## THE TASK
When you reach the line in the listing below that contains "ברונזה מזהב מטאלי 6X1", begin returning lines exactly as written, and stop after the line that contains "11月2日拜會 EBRD 阿拉木圖駐地辦事處". Return no other lines.

## DATA RECORDS
+++
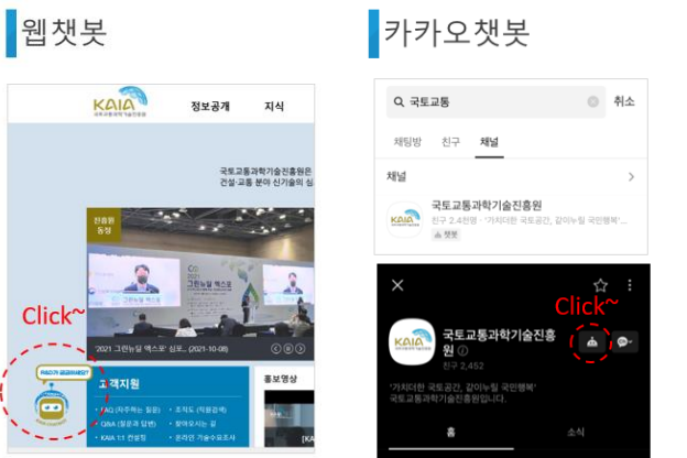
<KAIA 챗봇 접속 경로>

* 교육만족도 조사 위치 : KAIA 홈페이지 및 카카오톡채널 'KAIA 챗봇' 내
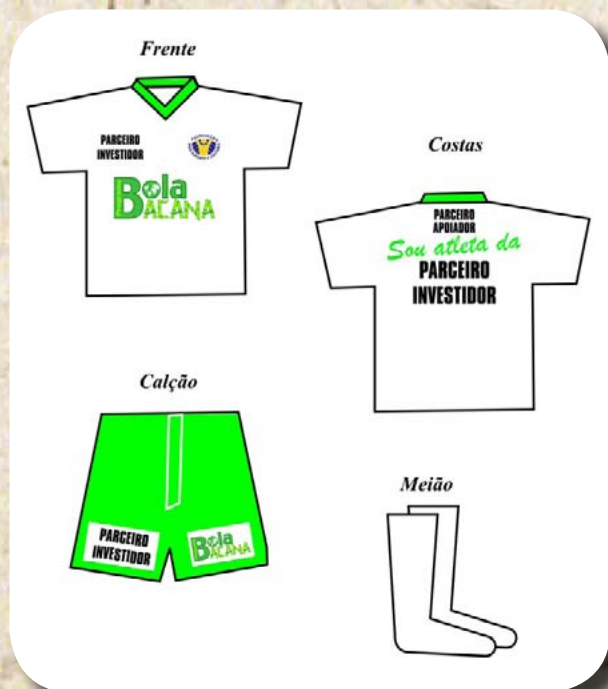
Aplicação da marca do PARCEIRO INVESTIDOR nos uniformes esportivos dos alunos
+++
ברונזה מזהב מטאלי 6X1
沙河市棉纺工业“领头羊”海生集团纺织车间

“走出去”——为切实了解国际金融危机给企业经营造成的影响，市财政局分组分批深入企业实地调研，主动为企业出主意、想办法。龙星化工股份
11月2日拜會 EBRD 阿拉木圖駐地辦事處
+++
## RESULT
ברונזה מזהב מטאלי 6X1
沙河市棉纺工业“领头羊”海生集团纺织车间

“走出去”——为切实了解国际金融危机给企业经营造成的影响，市财政局分组分批深入企业实地调研，主动为企业出主意、想办法。龙星化工股份
11月2日拜會 EBRD 阿拉木圖駐地辦事處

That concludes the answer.